• **Work item**: Once you find the line with "管理员点击仓管员管理。在仓管" in the entries below, print it and each line after it up to and including the line with "Drawing, Oaks, Lady", exactly, without pictures.

(Records from a data collection)

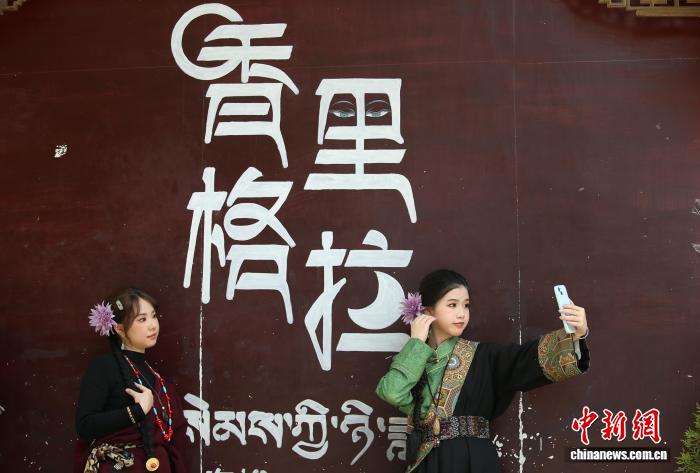 8月15日,兩名游客身著藏裝打卡獨(dú)克宗古城。中新社記者 黃興鴻 攝
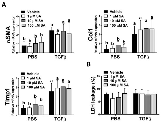 Since the activation of HSCs is a pivotal stage in the development of liver fibrosis, and our in vivo results showed that SA treatment reduces ECM accumulation in fibrotic livers, we next evaluated whether SA directly affects the activation of HSC. Unexpectedly, SA treatment could not affect the expression levels of fibrotic-related genes, including αSMA, Col1, and Timp1 in TGFβ-treated HSCs (Figure 5A). Furthermore, SA could not induce cell death of inactivated or activated HSCs (Figure 5B). Thus, our data indicated that SA could not directly affect HSC activation.
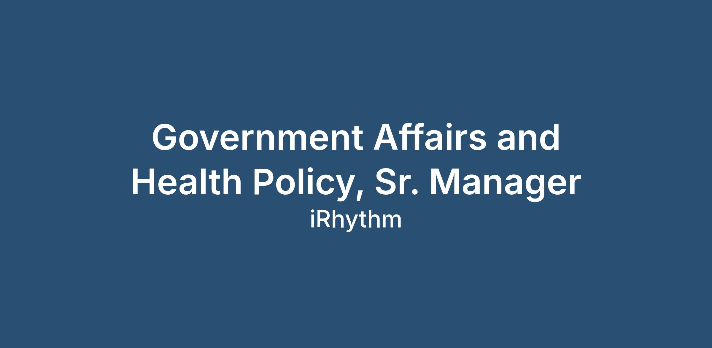 The Government Affairs and Health Policy Senior Manager will be based in the Washington, D.C. area and serve as a highly strategic individual contributor dedicated to advancing the company’s federal policy and reimbursement priorities. This position is responsible for strategic engagement with U.S. federal policymakers and the Executive Branch, with the goal of furthering the company’s public policy priorities and regulatory interests.
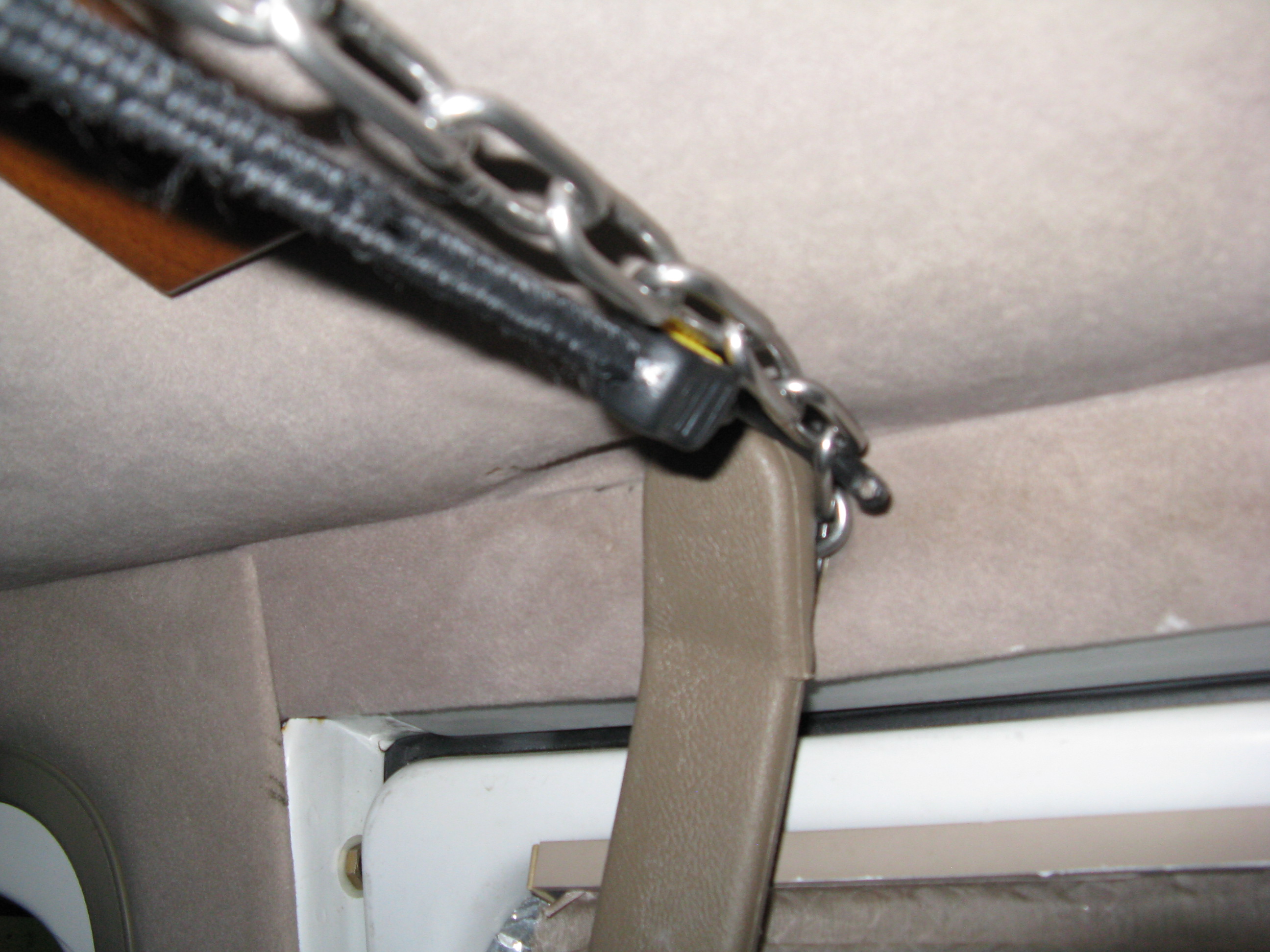 The other end of the hammock is hooked to a chain that has each end bolted to the roof edge with the two rear door latch bracket bolts as shown in the photo below.
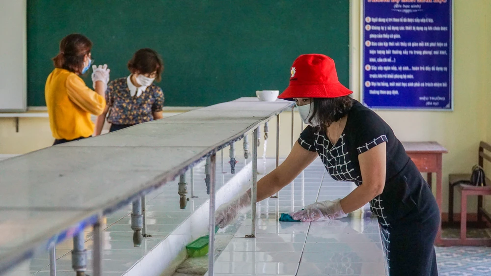 “Học sinh nghỉ học lâu khiến phòng học, bàn ghế bụi bẩn nên cần lau chùi thật kỹ. Trường lớp sạch sẽ, có đầy đủ nước rửa tay sát khuẩn sẽ tạo ra tâm lý an tâm hơn cho học sinh khi các em quay trở lại trường vào thời điểm dịch bệnh chưa thực sự lui”, cô Nguyễn Bích Lê (giáo viên trường THCS Kim Đồng) nói.
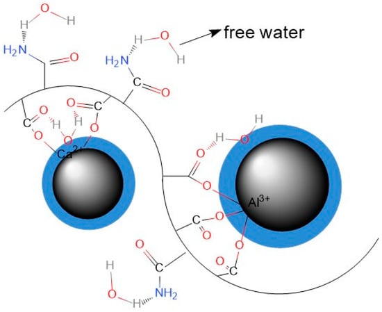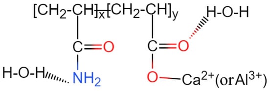 Based on the findings, nonionic PAM in the cement slurry exhibits two types of interactions: chelation and hydrogen bonding. The chelation mainly occurs between the -COO- functional groups of PAM and metal cations, such as Ca2+ and Al3+. This leads to the adsorption of the long-chain structure of PAM onto the surface of cement particles, while hydrogen bonding interactions take place between the -COO-/-NH2 and water molecules. These interactions contribute to a reduction in the fluidity of the material, as evidenced by decreased water flow properties. The chemical interactions involving PAM in the cement slurry can be represented by the diagram shown in Figure 5. Combined with the previously established physical bridging interactions between large polymer chains, it forms the primary adsorption form of nonionic PAM in the cement paste suspension.
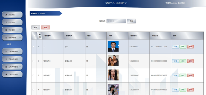 管理员点击仓管员管理。在仓管员页面输入管理账号进行查询、新增或删除仓管员列表,并根据需要对仓管员详情信息进行详情、修改或删除操作;如图5-5所示:
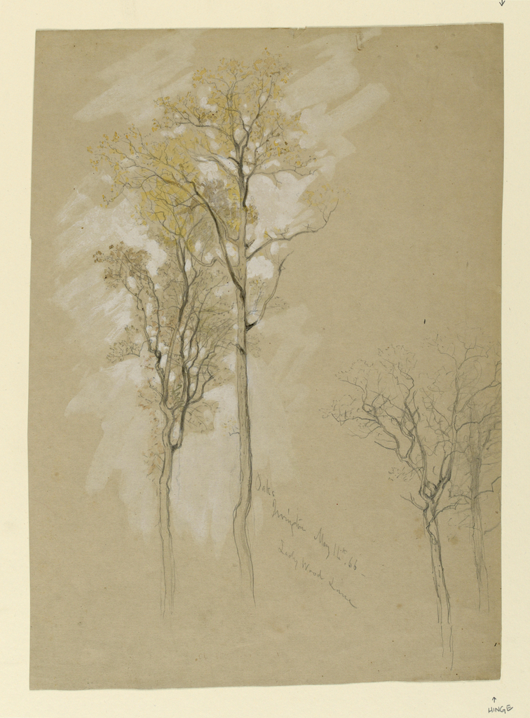 Drawing, Oaks, Lady Wood Lane, Irvington; Samuel Colman (American, 1832 - 1920); USA; recto: graphite, brush and watercolors on brown paper verso: graphite; 32.5 x 7.7 cm (12 13/16 x 3 in.); Gift of Mrs. Samuel Colman; 1939-85-3
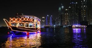 The Dubai Creek feels enchanting at night as you sail through the quiet dark waters with a backdrop of the cityscape. The dhow cruise incorporates fabulous dinner with live music and other entertainment. Not only that the boat is tastefully decorated with lights to match your romantic mood.
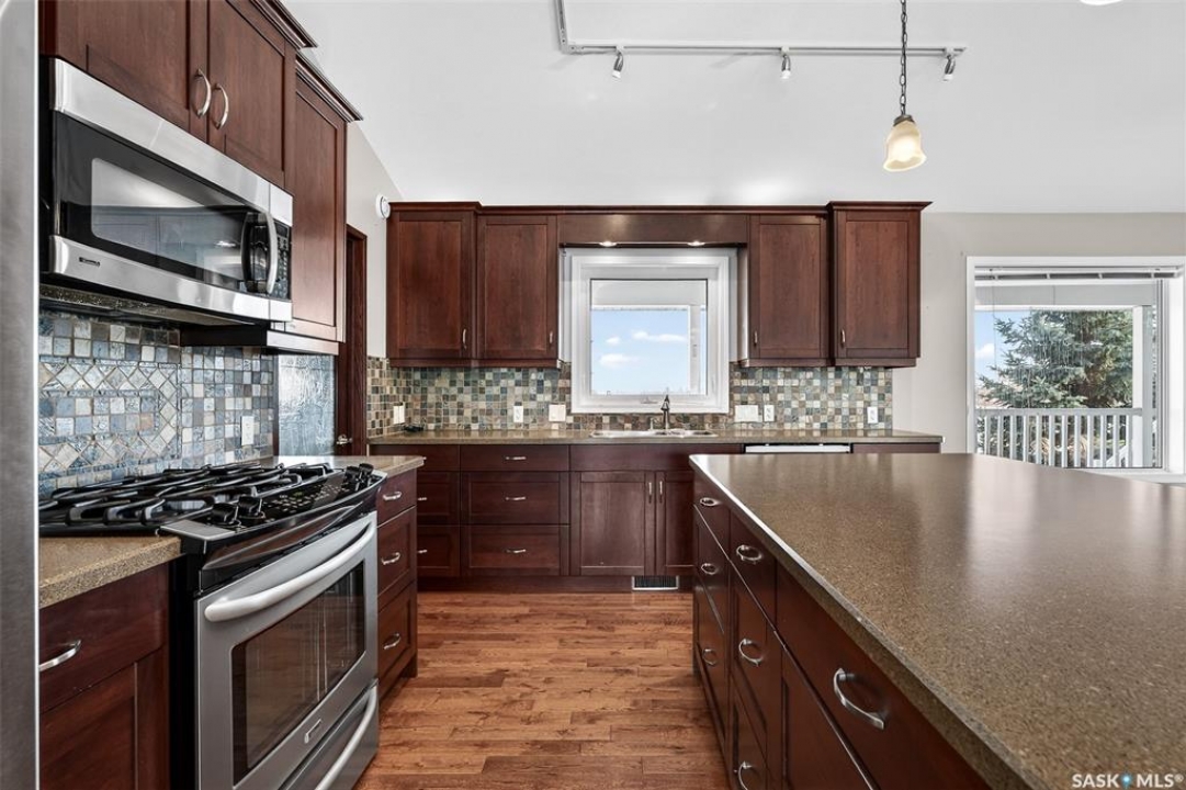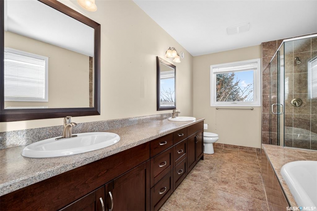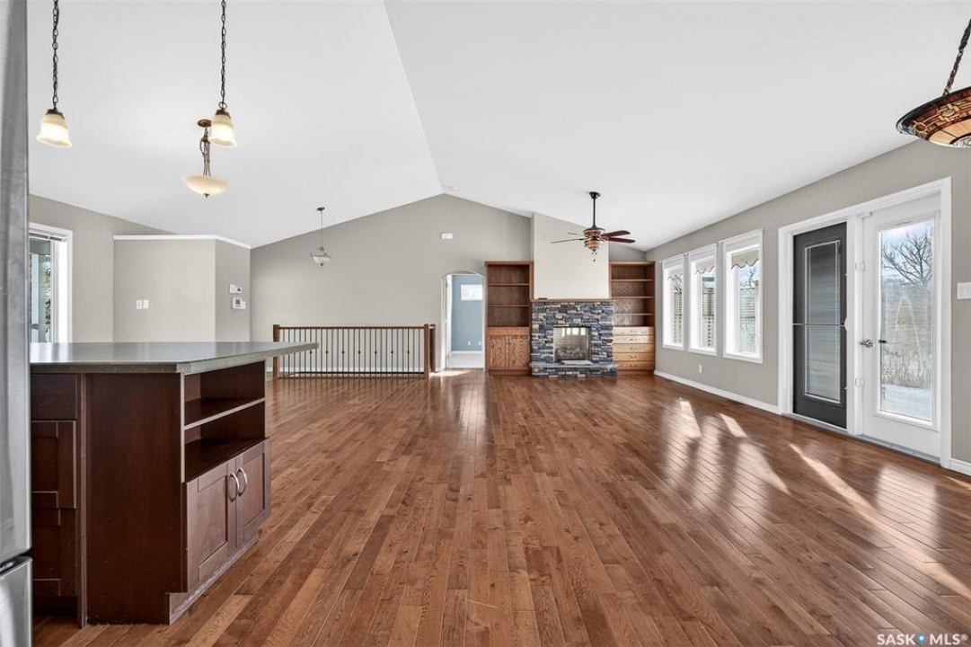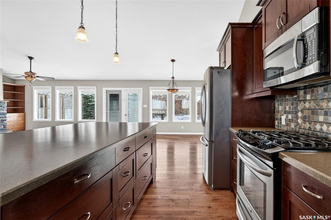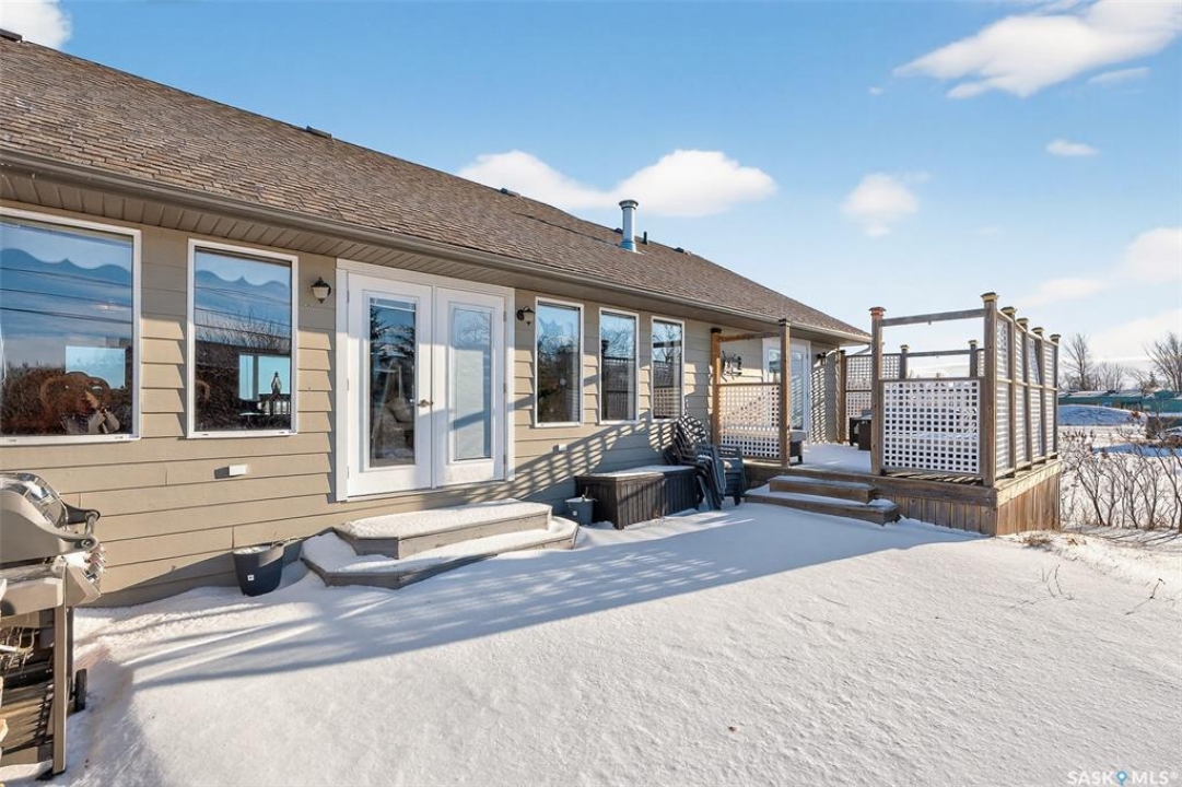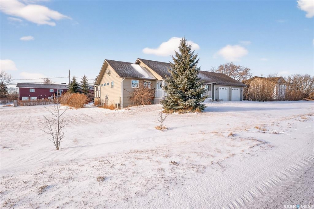 Welcome to country living on the edge of the Village of Mortlach! This home is East facing with a sunrise view of pasture & open fields from your front veranda while you sip your morning coffee! This spacious Bungalow sits on a large lot & just feels like “home”. The main Living Area is open concept & is anchored with a gas fireplace on one wall & stunning Kitchen at the opposite end. The Kitchen is well appointed with ample cabinetry, large island, gas range & a walk-in Pantry (noted in room sizes as “other”). The space allows room for a formal Dining Area along the wall of windows & space for a breakfast nook overlooking the front deck. At one end of the main floor is the Primary Suite with garden doors to separate deck, a walk-in closet & Ensuite with separate shower, jetted tub & heated floors. At the opposite end of the home, you will find a Mudroom with 2 pc Bath & Laundry adjacent to the attached heated double Garage (man doors at 2 sides for easy access to a fenced area perfect for dog run). The lower level is finished with options for more living space with a Family Room, 2 Bedrooms, 4 pc Bath & 3 other rooms that could be utilized as office, craft/hobby space, home gym or whatever suits your needs best! You will love the in-floor heat in basement & garage! Outside is a shed that would work well for a potting shed or playhouse! Come discover what this home has to offer along with the amenities the Village of Mortlach provides including K-12 school (steps away!), post office, rink, spray park & golf course along with small town hospitality!

• **Problem solution**:
 管理员点击仓管员管理。在仓管员页面输入管理账号进行查询、新增或删除仓管员列表,并根据需要对仓管员详情信息进行详情、修改或删除操作;如图5-5所示:
 Drawing, Oaks, Lady Wood Lane, Irvington; Samuel Colman (American, 1832 - 1920); USA; recto: graphite, brush and watercolors on brown paper verso: graphite; 32.5 x 7.7 cm (12 13/16 x 3 in.); Gift of Mrs. Samuel Colman; 1939-85-3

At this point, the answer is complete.